[PROVIDED RECORDS]
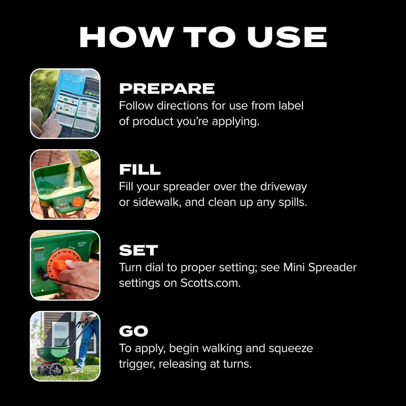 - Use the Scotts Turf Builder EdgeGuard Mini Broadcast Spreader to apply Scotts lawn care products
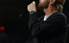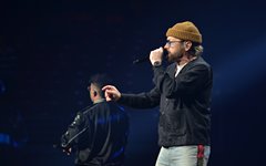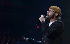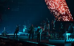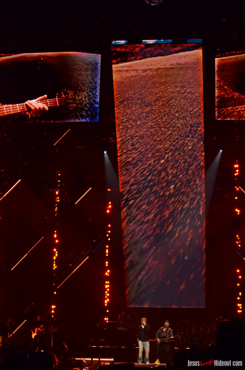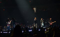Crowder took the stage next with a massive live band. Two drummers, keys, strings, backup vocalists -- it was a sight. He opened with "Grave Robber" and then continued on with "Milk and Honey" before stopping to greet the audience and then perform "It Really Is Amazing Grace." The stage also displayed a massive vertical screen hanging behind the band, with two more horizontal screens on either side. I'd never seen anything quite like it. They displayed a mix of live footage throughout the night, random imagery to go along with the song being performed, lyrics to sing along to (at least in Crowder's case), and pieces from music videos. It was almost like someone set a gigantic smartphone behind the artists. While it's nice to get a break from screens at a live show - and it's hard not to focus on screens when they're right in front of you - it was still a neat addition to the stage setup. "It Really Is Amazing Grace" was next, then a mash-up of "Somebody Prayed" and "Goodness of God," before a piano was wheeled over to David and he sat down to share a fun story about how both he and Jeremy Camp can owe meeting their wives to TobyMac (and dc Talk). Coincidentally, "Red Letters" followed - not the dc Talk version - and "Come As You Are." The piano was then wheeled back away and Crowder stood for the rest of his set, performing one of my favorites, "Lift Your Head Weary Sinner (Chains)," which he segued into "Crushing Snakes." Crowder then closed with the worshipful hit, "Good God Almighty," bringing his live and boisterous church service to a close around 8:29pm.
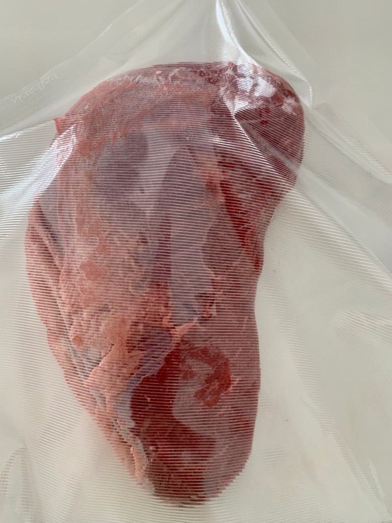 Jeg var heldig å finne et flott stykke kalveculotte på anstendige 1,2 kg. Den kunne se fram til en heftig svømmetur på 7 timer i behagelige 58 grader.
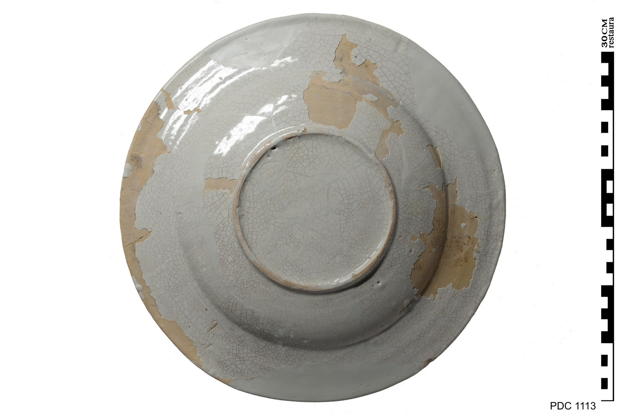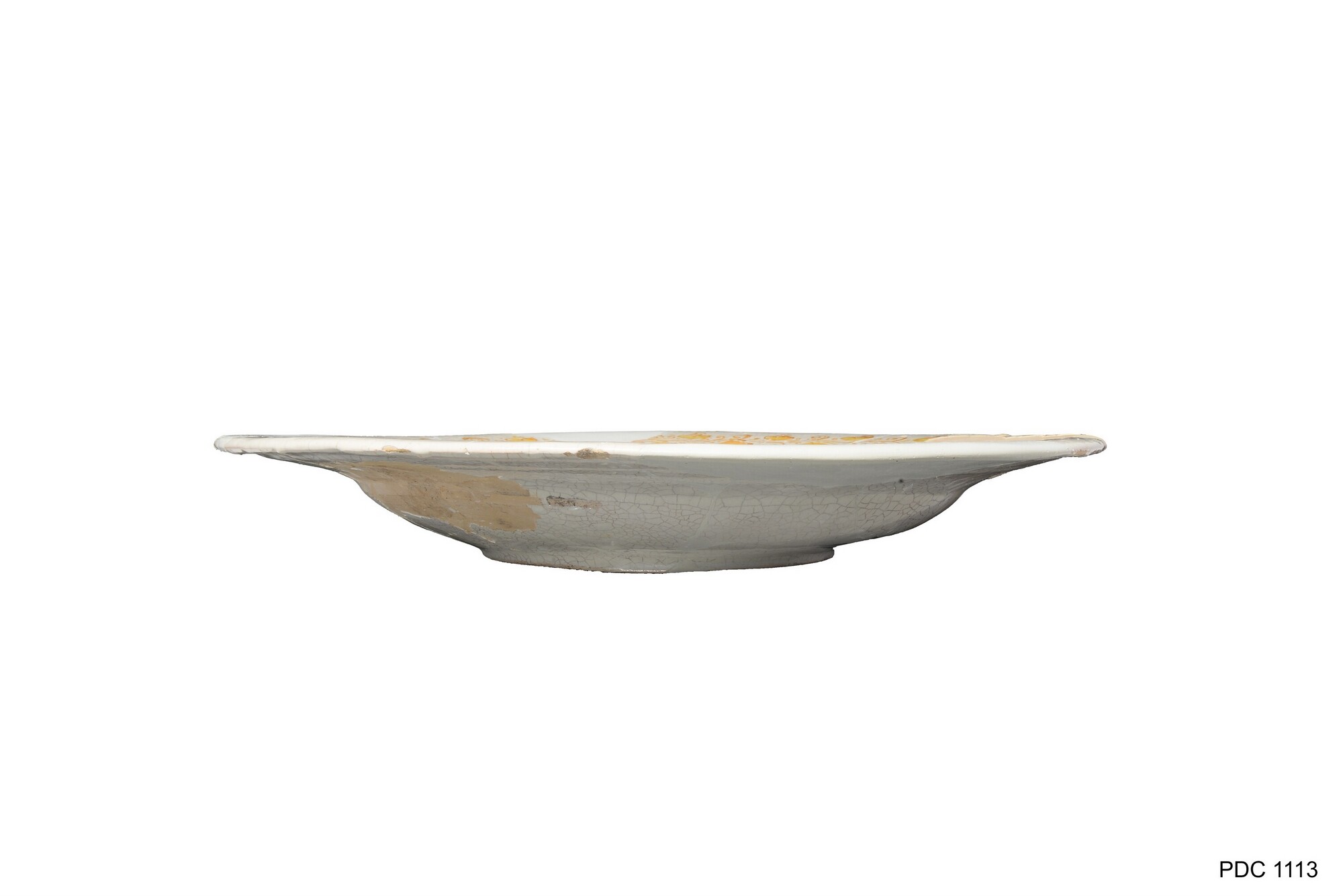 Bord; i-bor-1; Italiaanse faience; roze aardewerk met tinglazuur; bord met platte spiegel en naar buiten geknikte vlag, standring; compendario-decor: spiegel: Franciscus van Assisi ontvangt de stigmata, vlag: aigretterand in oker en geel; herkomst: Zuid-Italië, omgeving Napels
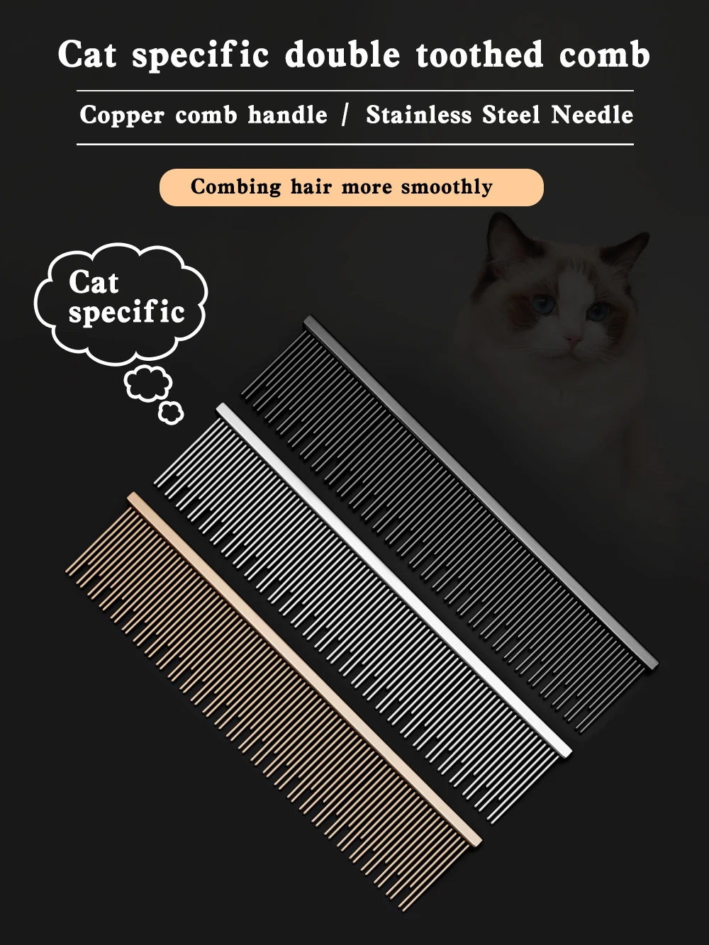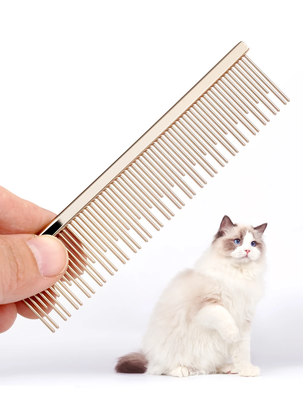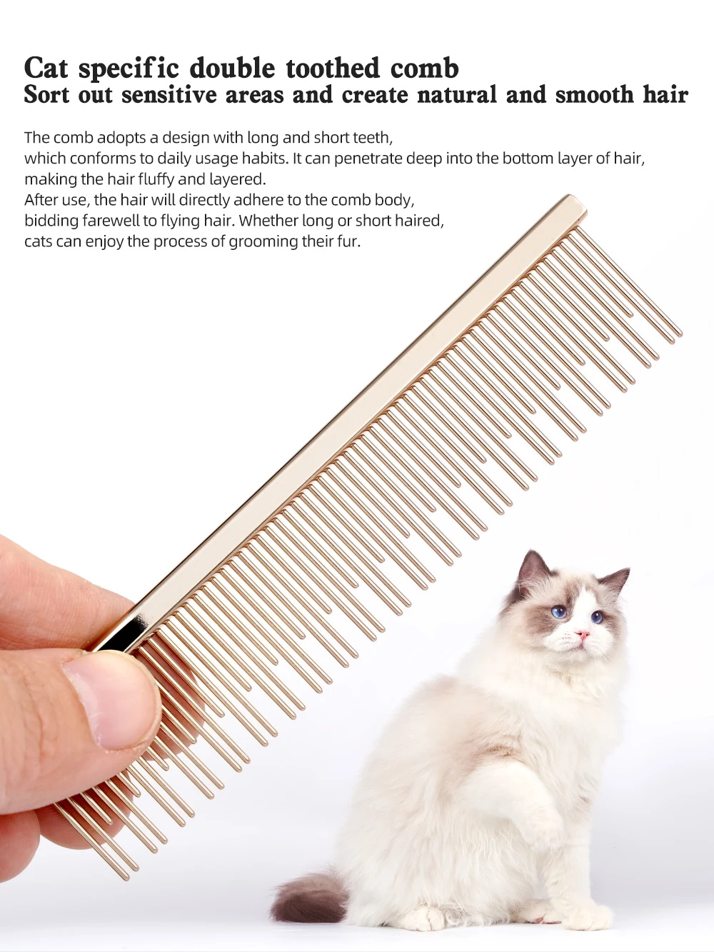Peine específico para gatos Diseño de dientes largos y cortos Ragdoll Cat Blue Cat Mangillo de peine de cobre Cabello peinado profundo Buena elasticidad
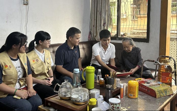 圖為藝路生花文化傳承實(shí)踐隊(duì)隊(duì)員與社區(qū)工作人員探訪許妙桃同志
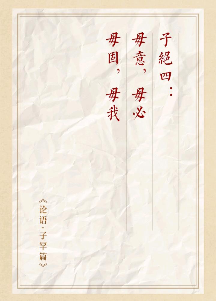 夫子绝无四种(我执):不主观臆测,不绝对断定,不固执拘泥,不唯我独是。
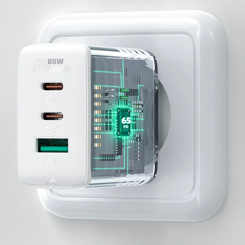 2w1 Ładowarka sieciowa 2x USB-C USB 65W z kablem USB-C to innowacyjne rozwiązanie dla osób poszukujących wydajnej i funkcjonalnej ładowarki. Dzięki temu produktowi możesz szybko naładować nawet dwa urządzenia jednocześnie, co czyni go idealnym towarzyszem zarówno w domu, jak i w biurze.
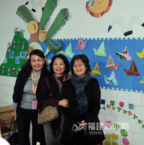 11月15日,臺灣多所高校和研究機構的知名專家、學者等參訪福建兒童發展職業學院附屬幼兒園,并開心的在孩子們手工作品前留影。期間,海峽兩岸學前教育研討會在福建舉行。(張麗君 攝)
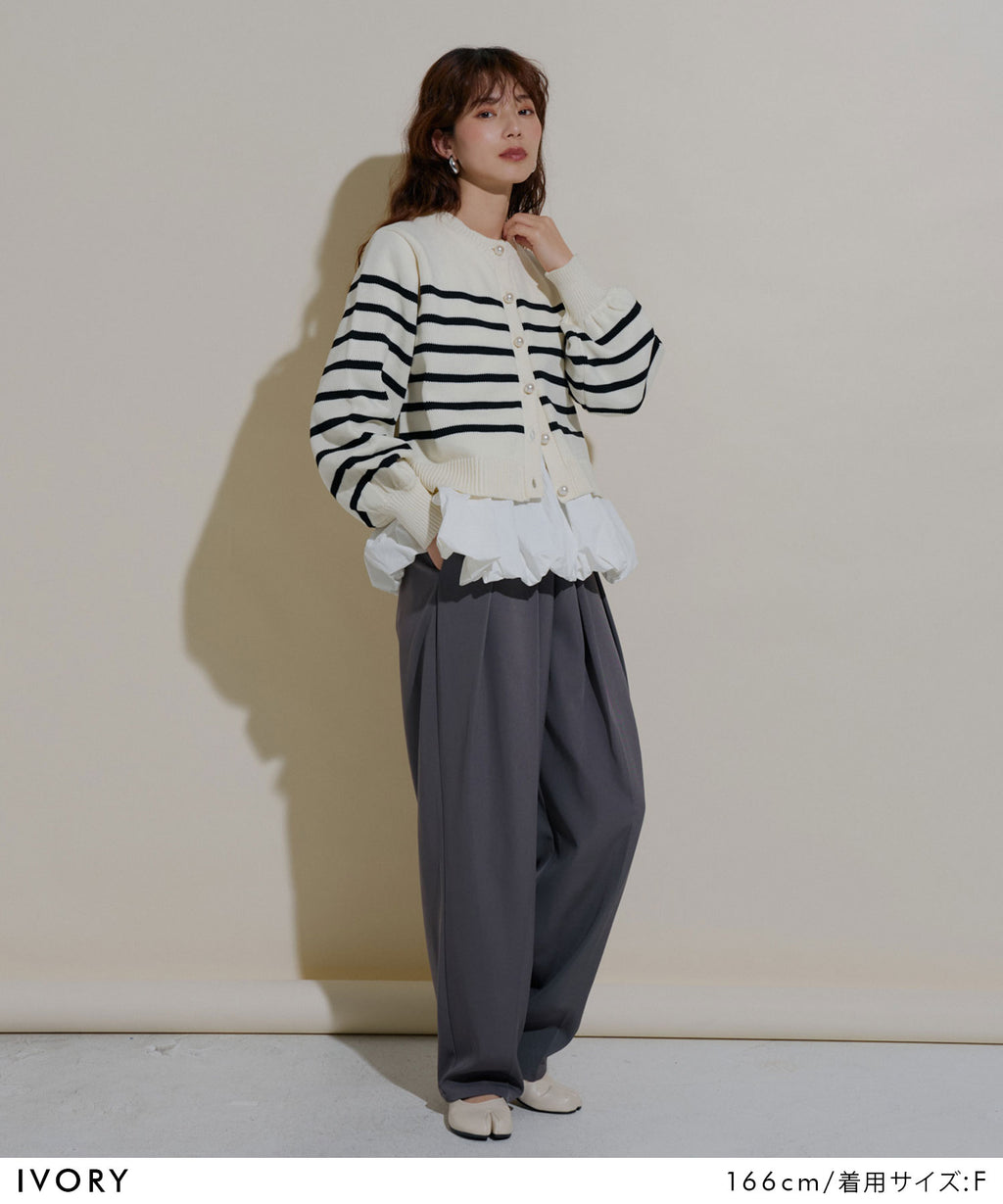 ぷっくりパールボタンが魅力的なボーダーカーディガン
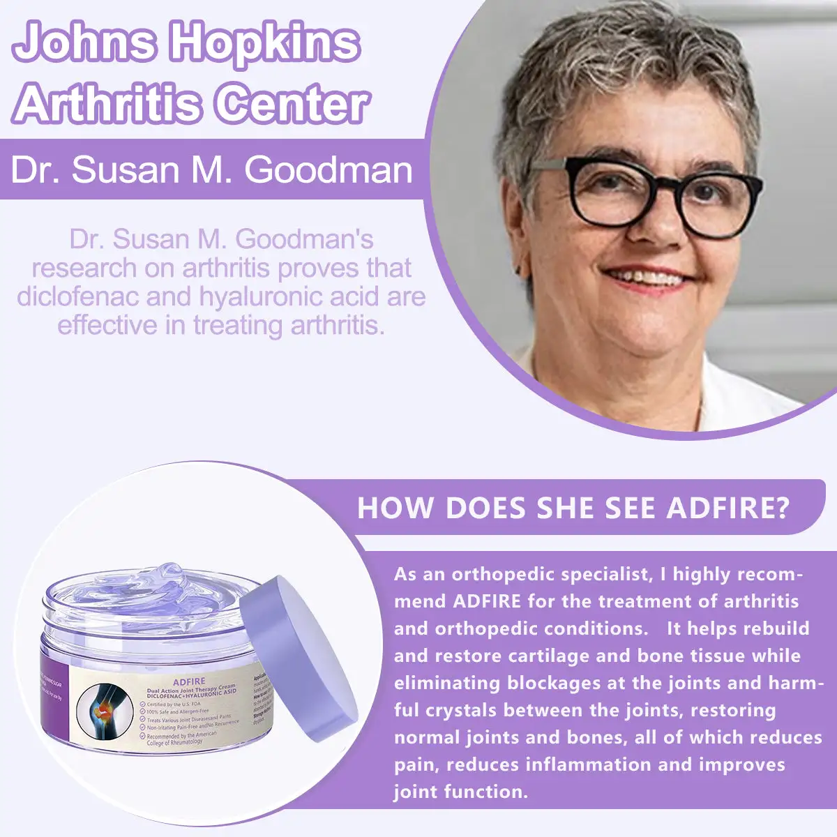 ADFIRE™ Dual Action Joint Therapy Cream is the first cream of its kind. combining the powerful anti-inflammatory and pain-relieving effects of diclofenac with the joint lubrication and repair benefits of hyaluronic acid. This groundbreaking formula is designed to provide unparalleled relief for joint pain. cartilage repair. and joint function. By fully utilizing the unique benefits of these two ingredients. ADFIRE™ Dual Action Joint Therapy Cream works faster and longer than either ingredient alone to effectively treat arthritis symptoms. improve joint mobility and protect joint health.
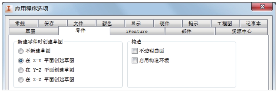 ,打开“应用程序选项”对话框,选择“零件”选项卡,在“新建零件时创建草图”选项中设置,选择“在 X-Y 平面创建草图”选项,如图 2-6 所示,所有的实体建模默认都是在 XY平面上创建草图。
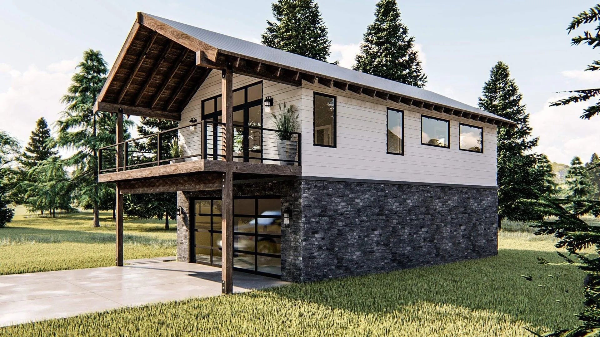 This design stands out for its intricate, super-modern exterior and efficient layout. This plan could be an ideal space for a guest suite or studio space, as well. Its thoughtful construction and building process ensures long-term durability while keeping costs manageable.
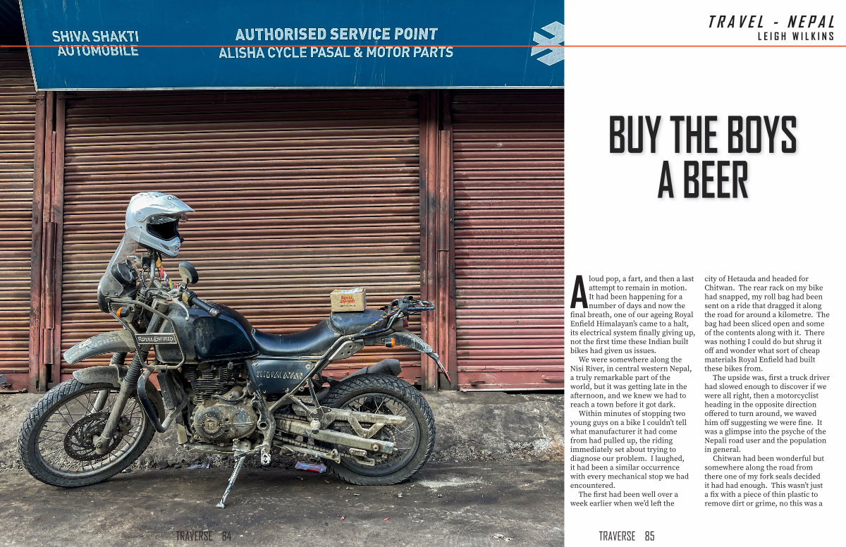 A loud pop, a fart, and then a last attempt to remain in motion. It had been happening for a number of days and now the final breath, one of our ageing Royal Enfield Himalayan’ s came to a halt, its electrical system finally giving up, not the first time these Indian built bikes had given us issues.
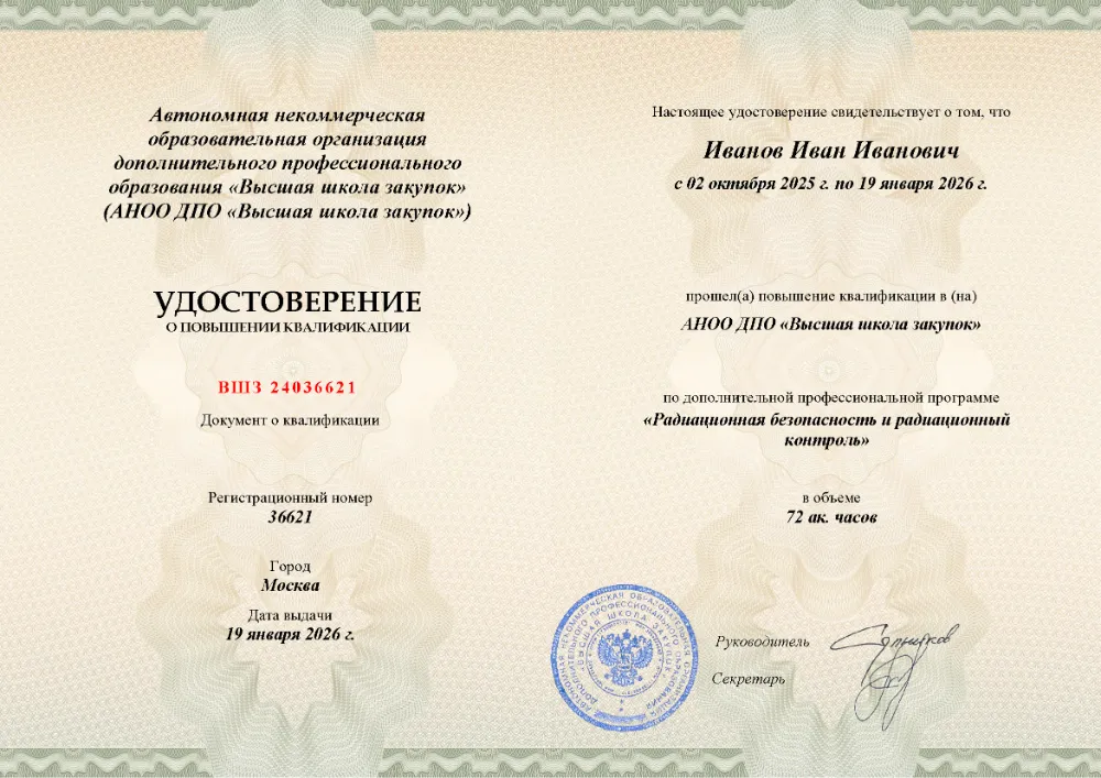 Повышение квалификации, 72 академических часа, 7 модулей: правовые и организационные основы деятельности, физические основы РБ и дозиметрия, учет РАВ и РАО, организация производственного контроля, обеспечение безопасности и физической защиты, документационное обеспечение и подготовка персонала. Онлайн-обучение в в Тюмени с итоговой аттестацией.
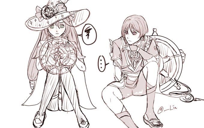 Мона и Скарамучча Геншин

[TASK PROMPT] Would you copy the lines above exactly, starting with the one that has "2w1 Ładowarka sieciowa" and ending with the one that has "ぷっくりパールボタンが魅力的なボーダーカーディガン", both included, without the pictures?

[TASK RESULT]
 2w1 Ładowarka sieciowa 2x USB-C USB 65W z kablem USB-C to innowacyjne rozwiązanie dla osób poszukujących wydajnej i funkcjonalnej ładowarki. Dzięki temu produktowi możesz szybko naładować nawet dwa urządzenia jednocześnie, co czyni go idealnym towarzyszem zarówno w domu, jak i w biurze.
 11月15日,臺灣多所高校和研究機構的知名專家、學者等參訪福建兒童發展職業學院附屬幼兒園,并開心的在孩子們手工作品前留影。期間,海峽兩岸學前教育研討會在福建舉行。(張麗君 攝)
 ぷっくりパールボタンが魅力的なボーダーカーディガン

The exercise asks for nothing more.